Recently, several fusion transcripts involving endogenous genes and exonic portions of segmental duplications have been described in the human genome. Although their biological significance is unknown, it is notable that the transcription of all of these recent transcripts is found mainly in germ-line, fetal, or cancerous tissues (Fig. 6; Viale et al. 2000; Courseaux and Nahon 2001; Bailey et al. 2002b). The vast majority of such evolutionary experiments are probably failures at a functional level, and thus require further experimental confirmation. However, according to the sheer abundance of transcripts that have been created or modified through transposition and/or duplication events during the last 35 million years—an estimate of 500–1100 (Bailey et al. 2002b)—we can expect functional genes to arise from the hodgepodge of segmental duplications.

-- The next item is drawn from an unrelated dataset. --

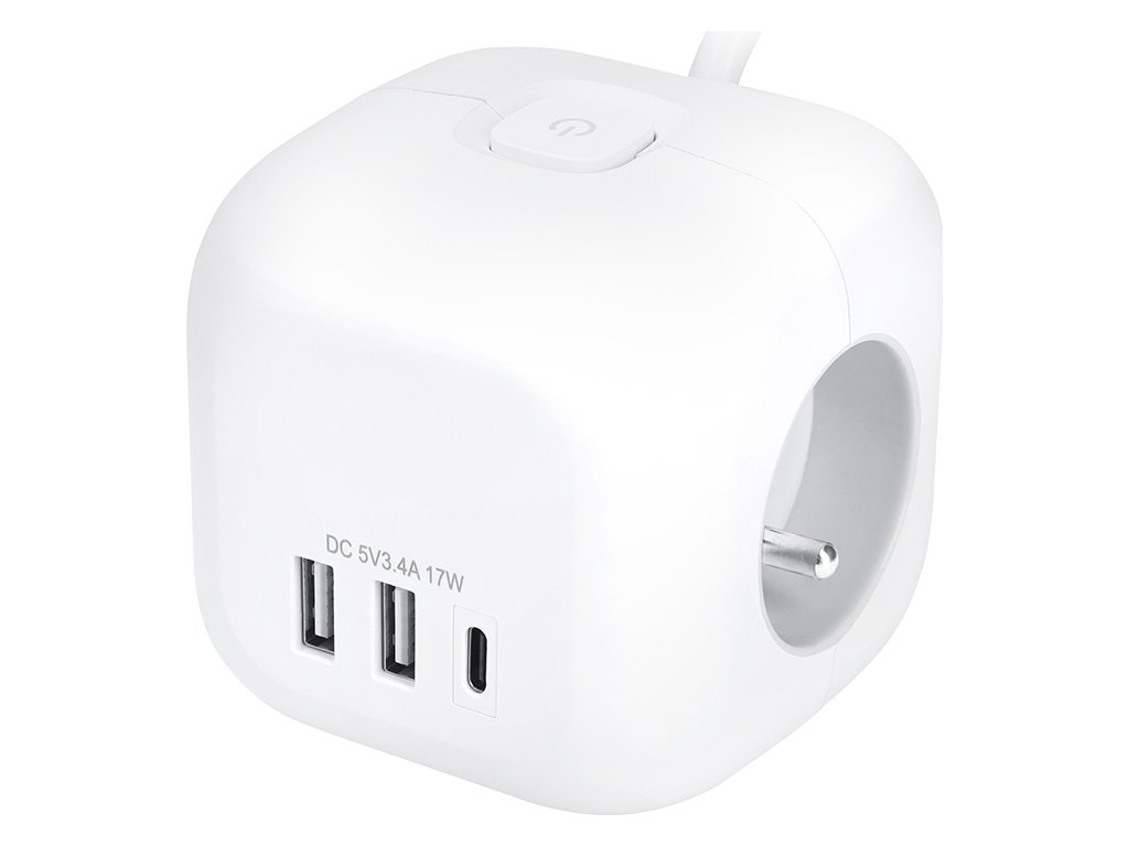 Predlžovací prívod v tvare kocky s dĺžkou strany 8 cm spája tri uzemnené zásuvky s detskou poistkou a USB nabíjačku s portami USB-C a USB-A. Vďaka 2m dlhému káblu poskytuje flexibilné využitie. Protisklzové podložky udržiavajú prívod stabilný na stole alebo pracovnej ploche. Podsvietený vypínač umožňuje jednoduché ovládanie všetkých zásuviek aj USB portov.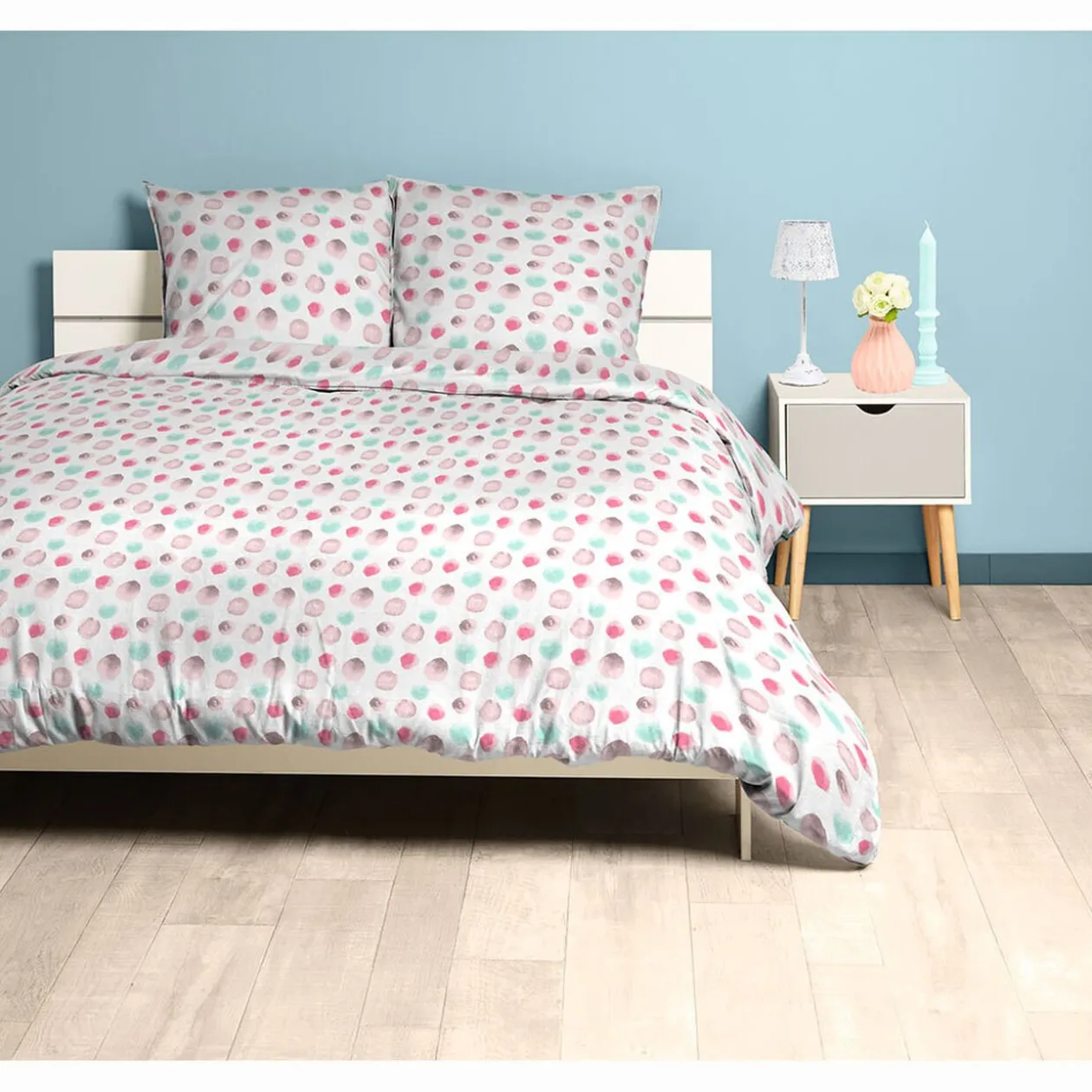 Apportez une touche colorée à votre chambre grâce à cette parure de lit pour 2 personnes blanche imprimée pois multicolores.

The identification within recently duplicated segments of members of the PMCHL and morpheus gene families that were shown to exhibit, respectively, indications of exaption and of positive selection among Hominoids, strongly support this hypothesis (Courseaux and Nahon 2001; Johnson et al. 2001). Taken together, these results reveal one of the most unexpected recurrent roles of chromosomal duplication during primate evolution and support the idea that processes of duplicon clustering joined to positional polymorphism could be a nursery for generating gene diversity and a source of phenotypic variation among humans as proposed previously by B. Trask, E. Eichler, and coworkers (Linardopoulou et al. 2001; Samonte and Eichler 2002). The generation of human-specific genes may also be related to the major quantitative changes in gene/protein expression in the human brain by comparison with other mammalian species, including chimpanzees, as reported recently by S. Pääbo and coworkers (Enard et al. 2002). It is tempting to speculate that newly created genes in Hominoids may contribute as master genes in the control of the species- and tissues-specific enhancement of gene activity (Nahon 2003).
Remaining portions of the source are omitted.